══ Given information

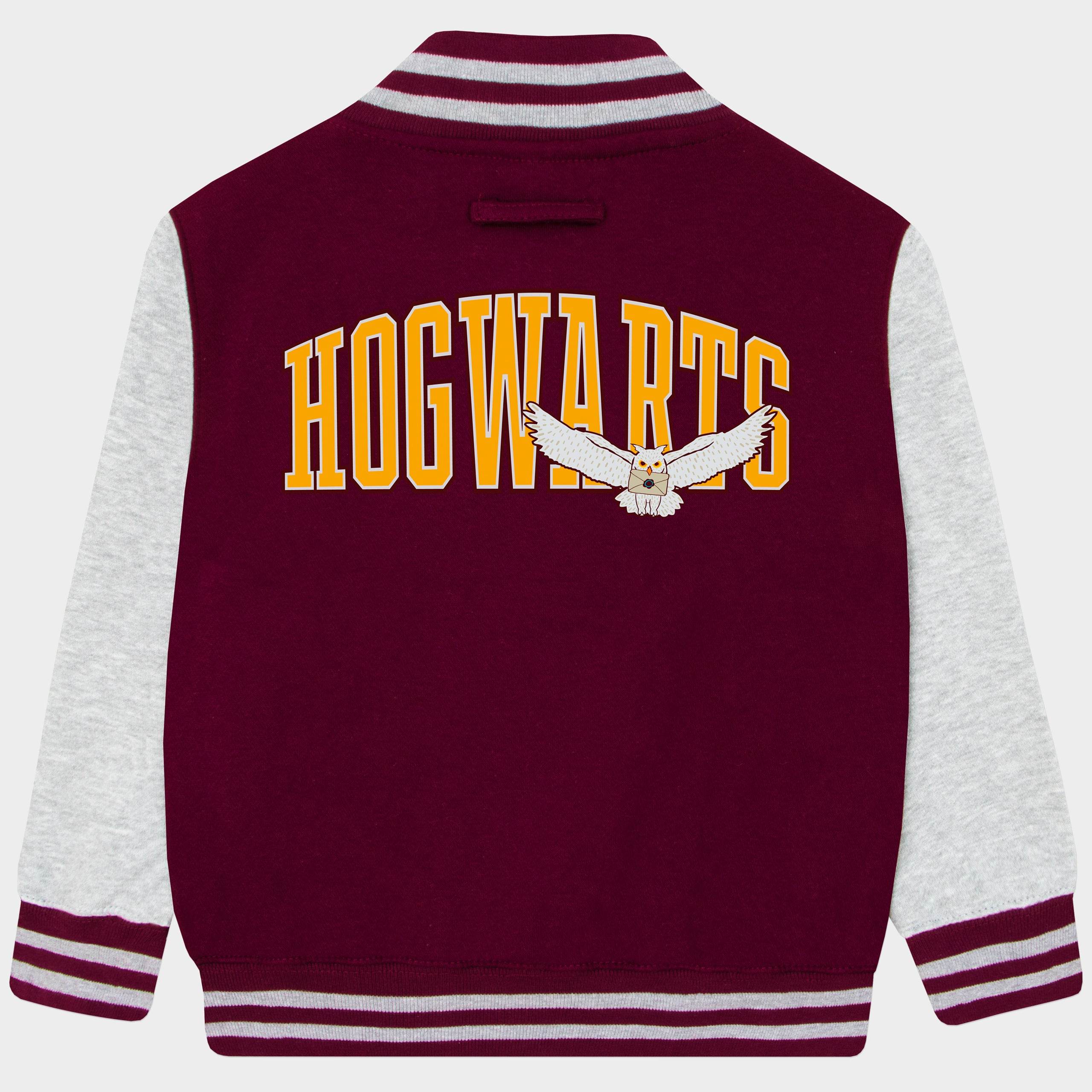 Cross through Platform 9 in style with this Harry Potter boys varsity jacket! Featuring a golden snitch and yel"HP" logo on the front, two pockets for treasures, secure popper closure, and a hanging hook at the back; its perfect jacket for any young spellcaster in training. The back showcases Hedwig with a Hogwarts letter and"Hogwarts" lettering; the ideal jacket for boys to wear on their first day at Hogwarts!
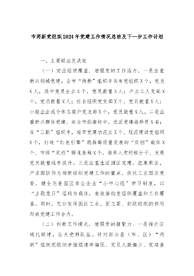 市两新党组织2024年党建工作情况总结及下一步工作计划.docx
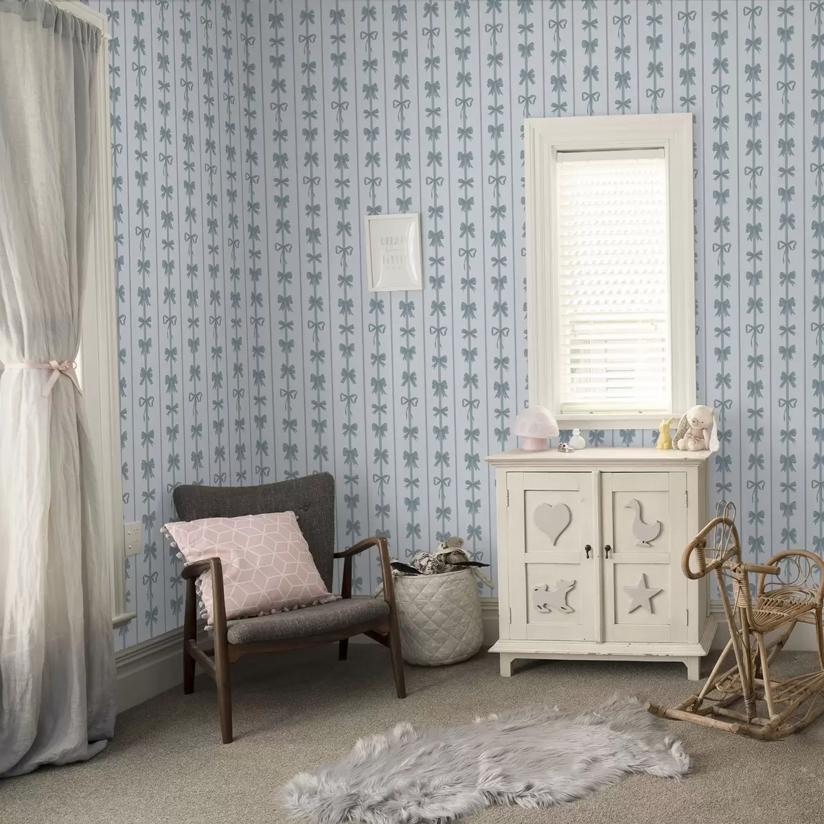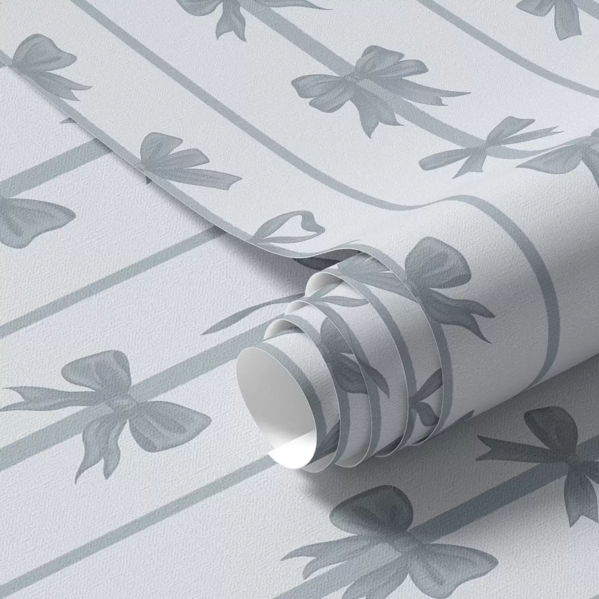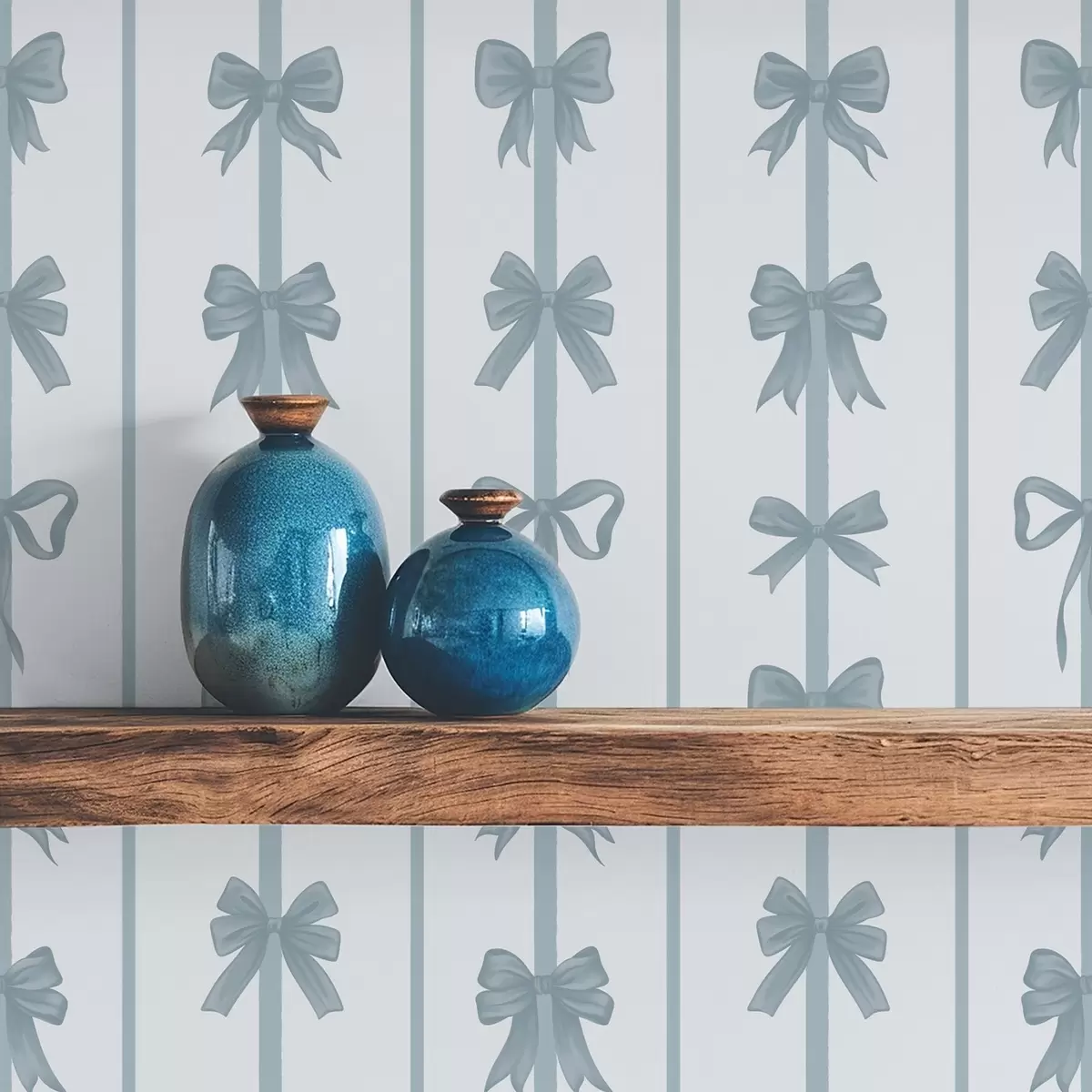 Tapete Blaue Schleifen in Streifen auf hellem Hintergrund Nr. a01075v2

════

#### [Task item]
Without any of the pictures, reproduce the listing above exactly.

#### [Response to this task]
 Cross through Platform 9 in style with this Harry Potter boys varsity jacket! Featuring a golden snitch and yel"HP" logo on the front, two pockets for treasures, secure popper closure, and a hanging hook at the back; its perfect jacket for any young spellcaster in training. The back showcases Hedwig with a Hogwarts letter and"Hogwarts" lettering; the ideal jacket for boys to wear on their first day at Hogwarts!
 市两新党组织2024年党建工作情况总结及下一步工作计划.docx
 Tapete Blaue Schleifen in Streifen auf hellem Hintergrund Nr. a01075v2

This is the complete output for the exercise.